Ruben Genao – “If Black English Isn’t a Language, Then Tell Me, What Is?” by James Baldwin – Response
In “If Black English Isn’t a Language, Then Tell Me, What is?”, James Baldwin explains the importance of language and how language is not exclusively for communication, it can be used to classify people with different social backgrounds and class, making it a tool to judge people based on their accents. Baldwin writes “There have been, and are, times, and places, when to speak a certain language could be dangerous, even fatal. Or, one may speak the same language, but in such a way that one’s antecedents are revealed, or (one hopes) hidden. This is true in France, and is absolutely true in England: The range (and reign) of accents on that damp little island make England coherent for the English and totally incomprehensible for everyone else.

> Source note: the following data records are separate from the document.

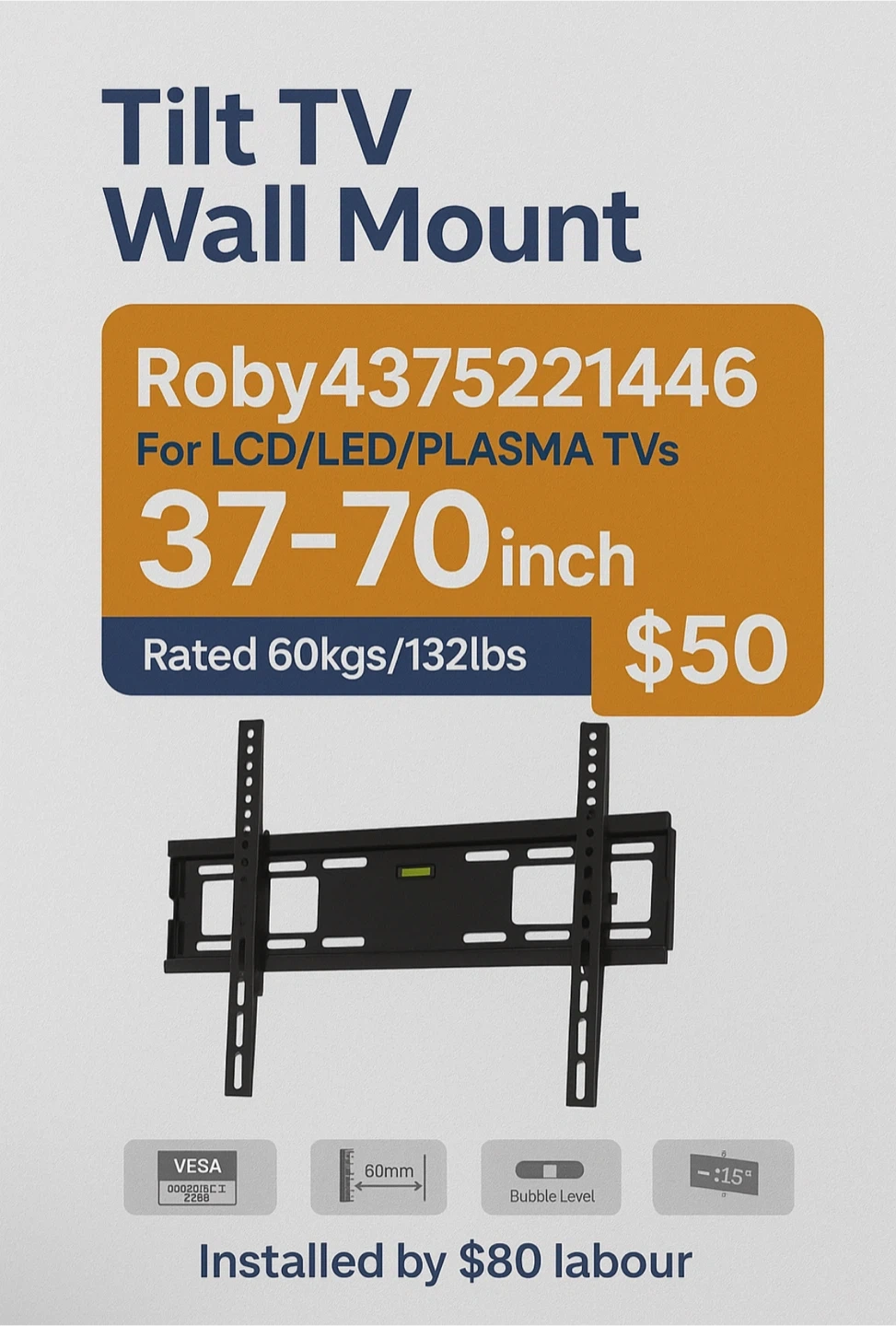 85Looking to sell this Tilt TV Wall Mount! It's designed for LCD, LED, and Plasma TVs ranging from 37 to 70 inches. It can hold up to 60kgs or 132lbs. Original selling for $50 installation $80 depending upon your location!
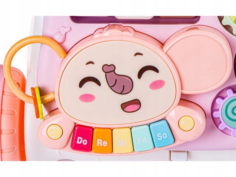 Наш інтерактивний продукт поєднує в собі багато функцій, таких як: штовхач, навчальний стіл, знімна панель основний (наприклад, для підвішування біля ліжка або для окремої гри), знімний ігровий слон та багато інших. Продукт призначений для малюків від 12 місяців. Штовхач дуже допомагає навчитися ходити самостійно.
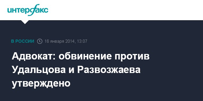 Москва. 16 января. INTERFAX.RU - Генпрокуратура вновь утвердила обвинительное заключение в отношении оппозиционеров Сергея Удальцова и Леонида Развозжаева, обвиняемых в организации массовых беспорядков, сообщил адвокат.
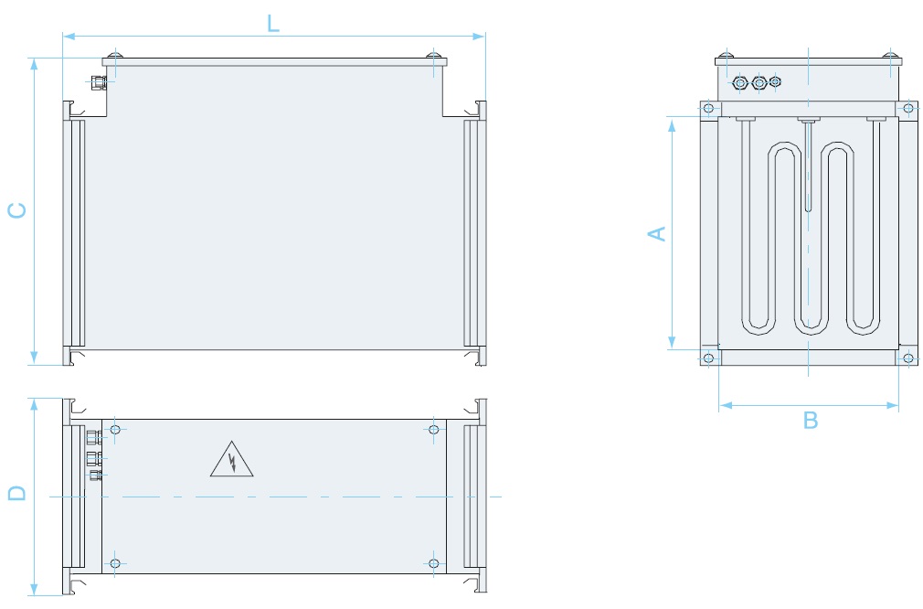 Электрический воздухонагреватель типа SPH-E предназначен для нагрева воздуха. Он применяется в канальных системах вентиляции и кондиционирования воздуха промышленных и общественных зданий. Воздухонагреватель изготавливается в девяти типоразмерах в зависимости от соединительного фланца воздуховода. В качестве нагревающих элементов в воздухонагревателе типа SPH-E используются трубчатые электрические элементы (ТЭНы). Широкий диапазон электронагревателей (от 3 до 60 кВт). Корпус воздухонагревателя выполнен из оцинкованного стального листа. Точное поддержание температуры приточного воздуха, сниженная нагрузка на электрическую сеть за счет применения равных ступеней мощности. Защита от перегрева осуществляется двумя встроенными термостатами, гарантирующими безопасную и надежную работу. Рабочая температура электрического воздухонагревателя типа SPH-E от –40 до +40°С. Электроизоляция IP 40. Питающее напряжение 220 В и 380 В (в зависимости от модели). Рекомендуется использовать фильтры SFP или SFPK, которые полностью обеспечивают защиту от загрязнения электрических воздухонагревателей. Мощность электрического воздухонагревателя регулируется автоматически блоками управления SBUP или SBUT, температура на выходе за обогревателем должна быть ограничена 40°С. Установка фильтра непосредственно перед воздухонагревателем недопустима. В случае, когда вентиляционная система отключается вручную (при отсутствии автоматического обдува ТЭНов), необходимо в первую очередь выключить воздухонагреватель, а затем после остывания воздухонагревателя (1-3 мин.) отключить вентилятор и закрыть вентиляционные заслонки.
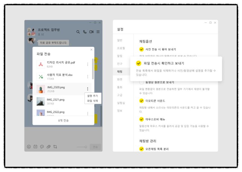 윈도우 PC 버전 카톡 채팅방 조용히 나가기

To open your mouth in England is (if I may use black English) to “put your business in the street”: You have confessed your parents, your youth, your school, your salary, your self-esteem, and, alas, your future”. Baldwin also explains the importance of language by saying the white rule over slaves would never have lasted as long as it did if the slaves didn’t have a language barrier, he states “A language comes into existence by means of brutal necessity, and the rules of the language are dictated by what the language must convey”. Black English came into existence because of the dispersion of black people from different tribes, its creation helped the slaves to form a community and to combat tough times.
What stood out to me the most was when Baldwin said “A language comes into existence by means of brutal necessity, and the rules of the language are dictated by what the language must convey” This sentence makes me think of human history relating to the river valley civilizations and how language was a necessity in order to survive in their environment, leading to slavery in the United States and how Black English only came to existence because of the need to communicate that came with the adversity of slavery.